EXERCISE DATA:
= = = = =

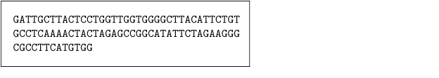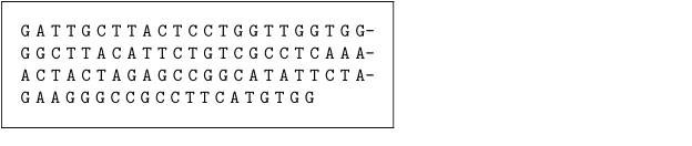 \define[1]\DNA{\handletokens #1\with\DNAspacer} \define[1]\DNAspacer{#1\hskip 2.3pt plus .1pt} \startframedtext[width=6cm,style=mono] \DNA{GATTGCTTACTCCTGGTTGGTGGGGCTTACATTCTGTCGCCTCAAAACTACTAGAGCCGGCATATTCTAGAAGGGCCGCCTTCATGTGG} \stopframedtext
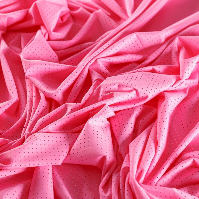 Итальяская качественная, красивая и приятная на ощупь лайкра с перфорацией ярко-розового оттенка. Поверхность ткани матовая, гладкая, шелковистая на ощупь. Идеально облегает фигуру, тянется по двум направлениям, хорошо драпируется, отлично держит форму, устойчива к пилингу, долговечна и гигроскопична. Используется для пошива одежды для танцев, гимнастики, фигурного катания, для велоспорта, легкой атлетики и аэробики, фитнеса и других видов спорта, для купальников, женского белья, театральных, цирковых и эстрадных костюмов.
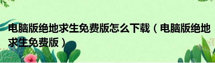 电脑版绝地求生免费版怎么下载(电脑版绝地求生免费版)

= = = = =

INSTRUCTIONS FOR THE TASK: Without including any picture, copy the listing above exactly and in full.

TASK OUTPUT:
 \define[1]\DNA{\handletokens #1\with\DNAspacer} \define[1]\DNAspacer{#1\hskip 2.3pt plus .1pt} \startframedtext[width=6cm,style=mono] \DNA{GATTGCTTACTCCTGGTTGGTGGGGCTTACATTCTGTCGCCTCAAAACTACTAGAGCCGGCATATTCTAGAAGGGCCGCCTTCATGTGG} \stopframedtext
 Итальяская качественная, красивая и приятная на ощупь лайкра с перфорацией ярко-розового оттенка. Поверхность ткани матовая, гладкая, шелковистая на ощупь. Идеально облегает фигуру, тянется по двум направлениям, хорошо драпируется, отлично держит форму, устойчива к пилингу, долговечна и гигроскопична. Используется для пошива одежды для танцев, гимнастики, фигурного катания, для велоспорта, легкой атлетики и аэробики, фитнеса и других видов спорта, для купальников, женского белья, театральных, цирковых и эстрадных костюмов.
 电脑版绝地求生免费版怎么下载(电脑版绝地求生免费版)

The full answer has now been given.